Давно в юности, с бесцеремонной дотошностью воображения, способного разрушить любую реальность, это другое переносило меня в машину ОГПУ, бесконечно несущуюся вдоль наклонившихся тополей нашей улицы, медленно опускавшей удалявшуюся кирху. Затем я видел, как в зеркалах лестницы скользят фигуры, а силуэт военного на фоне цветного витража почему‑то делает мне рукой знаки. Наконец мы оказываемся в нашей квартире, и меня охватывает ослепительный кошмар книжного парада, скрывающего лист бумаги с неизвестными мне стихами.
Дальше все повторялось сначала: воображение упиралось в отсутствие памяти о том времени. Позже слова матери соединяли мертво развалившиеся на полу книги с именами Пушкина и Лермонтова в издании Глазуновых, многотомных Карамзина и обоих Соловьевых, неизбежных Брокгауза и Эфрона, Мережковского, журнала "Морской архив", Ницше, Шопенгауэра, Тургенева, Розанова, Достоевского, мелькали розовые пятна обложек Ленина, бесплотно скользил по этой груде Фейхтвангер, запрещенная книжечка о поездке в СССР которого затерялась где‑то у знакомых. И, наконец, весь этот роскошно–бессмысленный для меня тогдашнего пир имен переносился за 48 отведенных нам с матерью при высылке часов в лавку хорошо знавшего нас букиниста, памятно сиявшего нарядной полнотой, как заглавная, расписная буква на фоне безжизненного столбика строк. Рядом с букинистом — моя мать, а между ними, будто видимый боковым зрением, кто‑то третий с большим носом и белым отложным воротником, на портрете, надолго почему‑то совпавший для меня со словом "символисты", книжечки которых я спустя десятилетия суеверно "вспоминал" руками в читальном зале Ленинской Библиотеки.

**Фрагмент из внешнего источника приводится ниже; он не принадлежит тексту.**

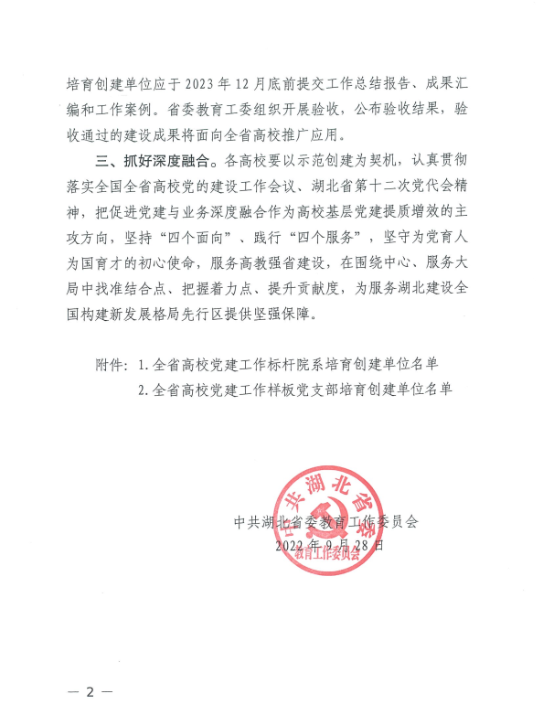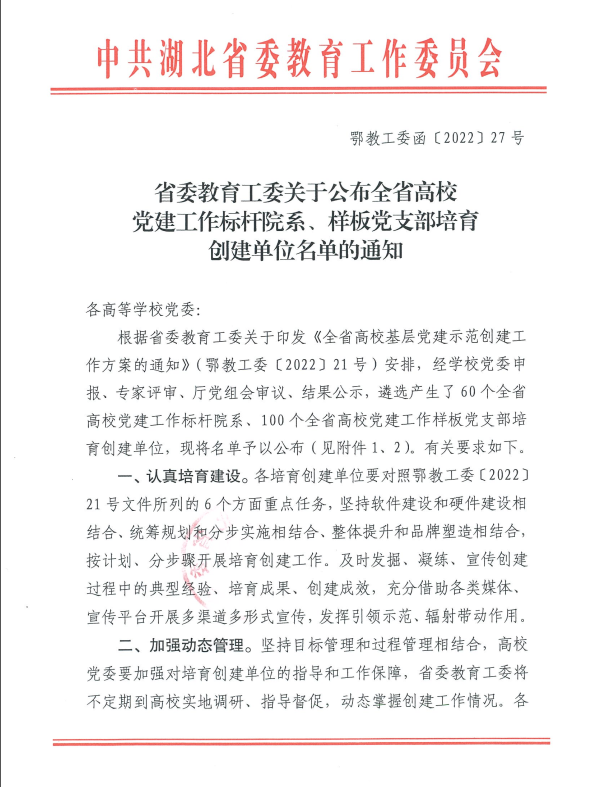 近日,中共湖北省委教育工作委员会发文公布了2022年湖北省高校党建工作样板党支部培育创建单位名单,鄂州职业大学机械工程学院教工第三党支部入选。

С годами эти картины менялись, будто я ненадолго просыпался, ощущая театрально–неудобное свое тело, и опять проваливался в сон, становившийся все короче и тревожнее.
Так в армии, особенно на первом году, во время ночных бесконечных дежурств, я силился представить себе Петроград в 18–м году и ту тюрьму, где забили насмерть моего деда, якобы не пожелавшего сдать золото. Но мне виделась все время одна и та же серая с низкими сводами комната, в которой безобразно дергались несколько фигур вокруг черной массы на полу.

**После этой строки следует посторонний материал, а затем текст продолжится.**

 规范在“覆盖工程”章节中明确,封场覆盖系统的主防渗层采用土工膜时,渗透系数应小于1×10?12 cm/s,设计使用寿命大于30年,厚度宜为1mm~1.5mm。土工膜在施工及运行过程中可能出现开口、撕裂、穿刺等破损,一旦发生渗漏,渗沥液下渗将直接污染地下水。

Спустя еще несколько лет все сократилось до одного жеста: рука военного берет коробку с пробками от бутылок и, подержав, ставит на место, так и не обнаружив на дне ее тот злополучный лист со стихами. Иногда виделся отец. Он молча сидит за столом и обручальным кольцом мерно стучит по тарелке, а я через годы все подстегиваю и подстегиваю тот давний сюжет, ожидая трагической развязки. Но время, видимо, уже мстило за фальшь и произвольные подстановки. Действие застывало. И даже звук тех ударов кольца о фарфор, будто увязнув на полпути, не доходил до меня, все расширяя и расширяя тоскливую, необъяснимую тишину.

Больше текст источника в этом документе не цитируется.